Banyak ayat dalam Al-Qur’an yang menyindir prilaku berbisik ini, berangkat dari situasi mental umat Islam kala itu. Di mana umat Islam yang hadir membawa ajaran-ajaran revolusi bagi masyarakat, kerap kali mendapatkan tekanan dan upaya penolakan, tujuannya tidak lain untuk merusak dan menghancurkan kekuatan umat Islam.

Maka saat agama Islam itu sudah menjadi sebuah kekuatan politik (fase Madinah), banyak muncul pengkhianatan-pengkhianatan dari dalam. Saat itulah Al-Qur’an mengambil sikap tegas terkait orang-orang yang melakukan pembicaraan rahasia atau berbisik-bisik ini, agar tidak terjadi problem besar kemudian harinya.

Dalam ayat yang ditampilkan di atas, Allah Swt juga mengecualikan prilaku berbisik itu menjadi kebajikan ketika menyuruh dalam bersedekah, kebaikan, atau dalam rangka mendamaikan manusia. dalam konteks ini, Allah Swt bahkan menjanjikan ganjaran yang besar ketika diiringi dengan mengharap ridaNya.

Adab “Berbisik” dalam Islam

Hadis dengan status sahih, yang diriwayatkan oleh Imam Bukhari dan Muslim, bahwa Rasulullah Saw memperhatikan adab manusia ketika berbisik.

عَنِ ابنِ عُمَر رَضِيَ اللهُ عَنْهُ أَنَّ رَسُولَ اللهِ صَلَى اللهُ عَلَيهِ وَسَلَّمَ قَالَ : إِذَا كَانُوا ثَلَاثَةٌ فَلَايَتَنَاجَى اثْنَانِ دُونَ الثَّالِث

Dari Ibnu Umar Radhiyallahu Anhuma bahwasanya Rasulullah Shallallahu Alaihi Wasallam bersabda, “Apabila berkumpul tiga orang maka janganlah dua orang di antara mereka itu berbisik-bisik tanpa menyertakan orang ke tiga.”

Di antara adab yang ditekankan oleh Islam adalah seperti yang disingung oleh An-Nawawi Rahimahullah dalam kitabnya Riyadh As-Shalihin pada bab tentang larangan dua orang berbisik-bisik tanpa keikut sertaan orang ke tiga.
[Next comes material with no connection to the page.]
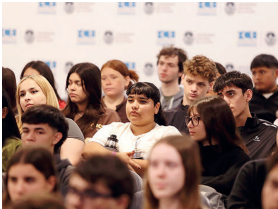
Previo a comenzar los cursos de ingreso

Desde la UNLP destacaron que estos números consolidan a la universidad como una de las principales instituciones públicas de educación superior del país, y anticiparon que en las próximas semanas se brindarán detalles sobre el inicio formal de actividades y el acompañamiento a los ingresantes en esta nueva etapa académica.

Maka dari itu, berbisik pada dasarnya bukanlah menjadi prilaku yang terlarang. Namun, segala sesuatu dapat menjadi dosa ketika melanggar ketentuan syariat tanpa alasan. Sama halnya dengan berbisik saat dilakukan dalam rangka kebaikan, tidak ada masalah, tetapi saat dilakukan untuk hal negatif yang berpotensi menyakiti orang lain, itulah yang menjadi dosa. Wallahu’alam…

*Mahasantri Mahad Aly Hasyim Asy’ari, Tebuireng Jombang.